会計という言葉に込められた意味は、「会って功績を計る」ことにある。人々が他人の成果を利用する取引においては、その取引に効用のあることを計る会計がおこなわれる。効用を見いだすことができれば取引は繰返され、見いだすことができなければ終了する。貨幣が生まれる以前から、そして記録がおこなわれる以前から会計という行為は存在した。会計なくして、取引の継続はない。会計なくして市場は成立しない。
リトルトンは、『会計発達史』で、「古代の会計は問題外」としたうえで、近代会計の発足点をパチオリの『ズンマ』に求めた 。また、新井清光は、会計公準を『会計公準論』で「論証なしに、広く一般に自明のものとして認められうる基本的な前提条件または仮定 」とした。これ以来、会計公準は、会計制度設計の際の基礎とはされたが、その前提がいかなるものかの検証は忘れられた。

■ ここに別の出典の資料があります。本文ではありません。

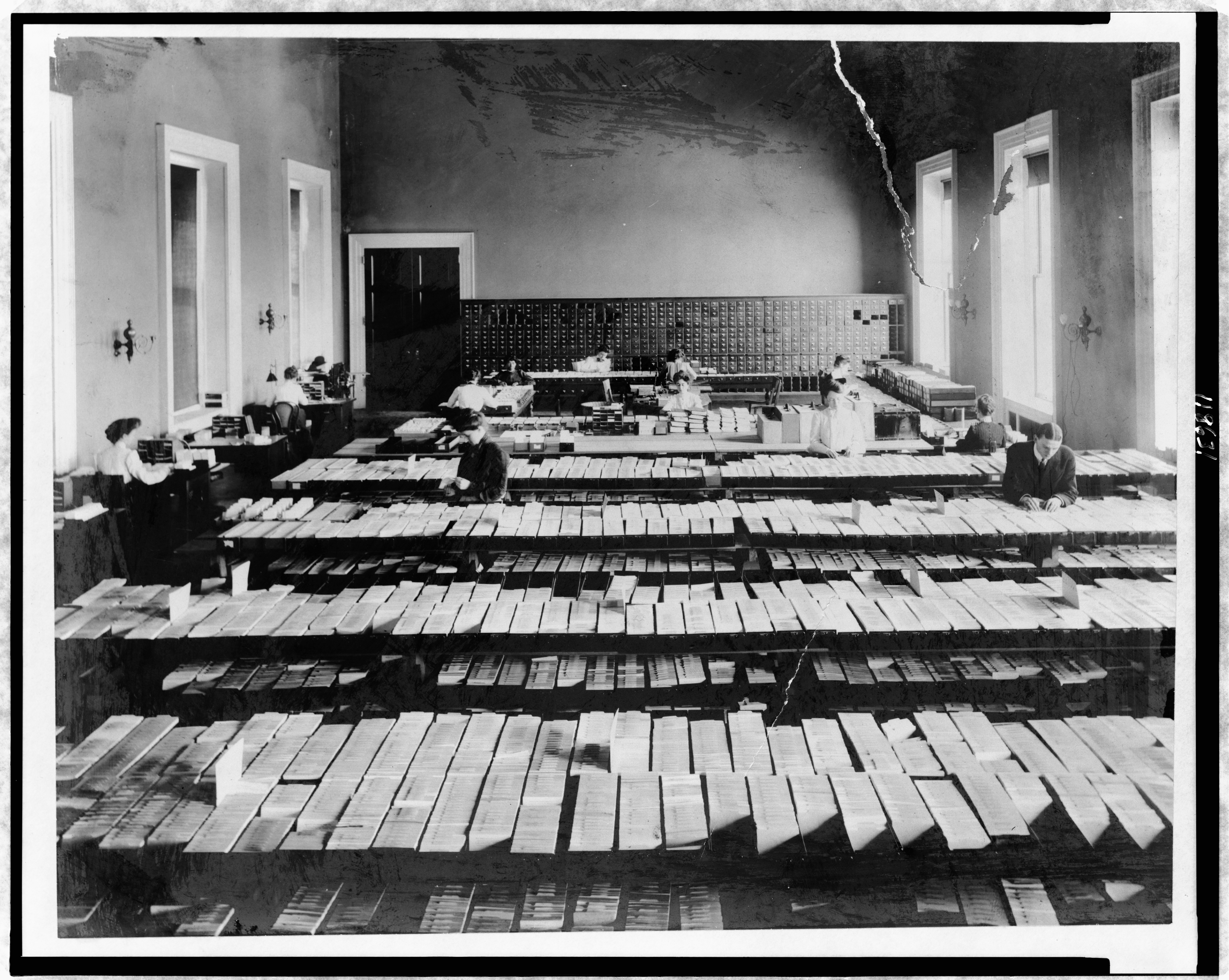 People working in Card Division in the Library of Congress, Washington, D.C.

本稿では、『ズンマ』以前の会計を中心として取引がその目的と結果に分けて記録されるにいたった要因を検討した。
この検討により、「会って功績を計る」という会計の目的を果たすために、会計が記録として求められるのは、功績を計る者と、その対象となる者との利害関係の大きさと、その信頼の程度に反比例することを明らかにした。
会計は、市場を成立させるための不可欠の要素であり、どの様な情報が必要かは、そこにある人間関係から規定される。